Но вот за последним поворотом показался город. Он живописно раскинулся на крутом холме.
Мы приехали в Тансен, когда уже смеркалось. Вышли из джипа, размяли затекшие ноги и… остановились в полной нерешительности. Где же искать ночлег? Наши спутники отнеслись к нам с участием: наперебой стали советовать, где остановиться. Тут появился довольно решительный человек и с уверенностью сказал:
— Друзья! Я знаю, что самым лучшим для вас будет «Ашока вихар». Там удобно, чисто, недорого. Да и отсюда это очень близко. Пойдемте, я провожу вас.
Он говорил так убедительно, что все тут же согласились с ним и сказали, что, пожалуй, «Ашока вихар» — действительно самое удобное для нас место. Мы поблагодарили наших спутников и последовали за этим решительным человеком.
«Ашока вихар» — небольшой пансионат для индийских строителей — превзошел все наши ожидания. Такого опрятного, уютного и в то же время недорогого пристанища мне не довелось видеть и в самой Индии. Очевидно, того же мнения придерживался и Дэниэл, проехавший всю Европу и пол-Азии. После скромного, но вполне европейского и вкусного ужина он сказал:
— Вы знаете, мне нравится этот город.
Тансен считается самым маленьким городом Непала. В нем — шесть с половиной тысяч жителей, в основном — невары.

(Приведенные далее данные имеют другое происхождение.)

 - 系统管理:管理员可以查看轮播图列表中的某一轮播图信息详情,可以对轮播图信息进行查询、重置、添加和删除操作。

Тансен с его петляющими по холму узкими улочками, на которых, срастаясь друг с другом, стоят дома из красного кирпича, — типичный неварский город. Есть здесь несколько храмов. В одном из них — храме Нараяна — мы неожиданно встретили того старика, который утром на базаре приветствовал нас по-английски. Мы тогда удивились тому, что с нами посреди улицы здоровается совершенно незнакомый человек. Когда-то в русских деревнях было принято желать здоровья каждому встречному. В Непале такой обычай не распространен. Тем более в городе. Нас удивило еще и другое: дело в том, что приветствие, произнесенное на хорошем английском языке, принадлежало полуголому саньяси. — «святому».
В странах индуизма, где основная масса людей глубоко религиозна, саньяси, или садху, — не редкость. Они предаются аскезе, совершают подвиги самоотречения, стремясь подвижничеством искупить прошлые грехи и заслужить себе лучшую судьбу в «новом рождении». Многие из них совершают паломничества к святым местам, подчас обрекая себя в пути на тяжелейшие испытания. В народе к ним относятся почтительно, боязливо и в то же время несколько иронически.

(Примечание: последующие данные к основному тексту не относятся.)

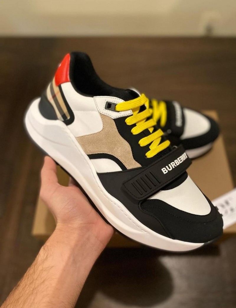 burber ry multicolor suede and fabric velcro low top sneakers

Обычно садху отличаются полнейшей отрешенностью от всего суетного. Представьте себе такую картину: посреди улицы, не обращая ни малейшего внимания на зевак, шествует голый человек, тело которого натерто пеплом. Волосы, посыпанные пеплом, похожи на отслужившую службу мочалку. На смуглом, заросшем бородой лице выделяются лихорадочно блестящие глаза. На шее у садху — священный шнур, в руках — палка, на которой висит небольшая котомка с лепешками и кувшинчиком для воды.

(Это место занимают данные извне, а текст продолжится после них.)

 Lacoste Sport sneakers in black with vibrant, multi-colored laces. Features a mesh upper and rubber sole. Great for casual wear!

Однажды в Долине Катманду, в узкой пещере одной из скал, возле храма «Шеш Нараян» я увидела отшельника. Родом он из района Лумбини. Отшельник был красив, выглядел значительно старше своих сорока трех, лет. Он отказался от мирского имени и взял новое — Питри Бхакт Махатма — то есть «Великая Душа, почитающая Отца». Он дал обет молчания и безмолвствовал уже девять месяцев. Он не покидал своей обители и питался подаяниями верующих. Вход в пещеру был открыт, и увидеть его было нетрудно. Если ему. задавали вопрос, он брал лежавшую рядом грифельную дощечку и писал на ней ответ. Индуисты почтительно склонялись перед ним и, сложив по обычаю ладони лодочкой, брали с медного подноса святые дары: стебельки трав, цветочные лепестки, щепотку риса. Очевидно, Великая Душа, почитающая Отца, был в глубине души рыцарем, потому что вдруг как особую милость он протянул мне маленькую красную розу. Это было щедрое даяние, и за него полагалось воздать: я бросила в специально предназначенную для денег миску несколько монет. Отшельник приветливо улыбнулся глазами, и мне даже показалось, что он хочет что-то сказать…
Старик, приветствовавший нас утром на базаре, был не в пример молчальнику разговорчив. Он охотно сообщил, что он шиваит — почитатель великого бога Шивы, и прошел уже всю Индию и весь Непал от родного Мадраса до великого храма Муктинатх. Теперь он спокоен, потому что совершил доброе дело. Шутка сказать, паломничество в Муктинатх, в самое сердце Больших Гималаев!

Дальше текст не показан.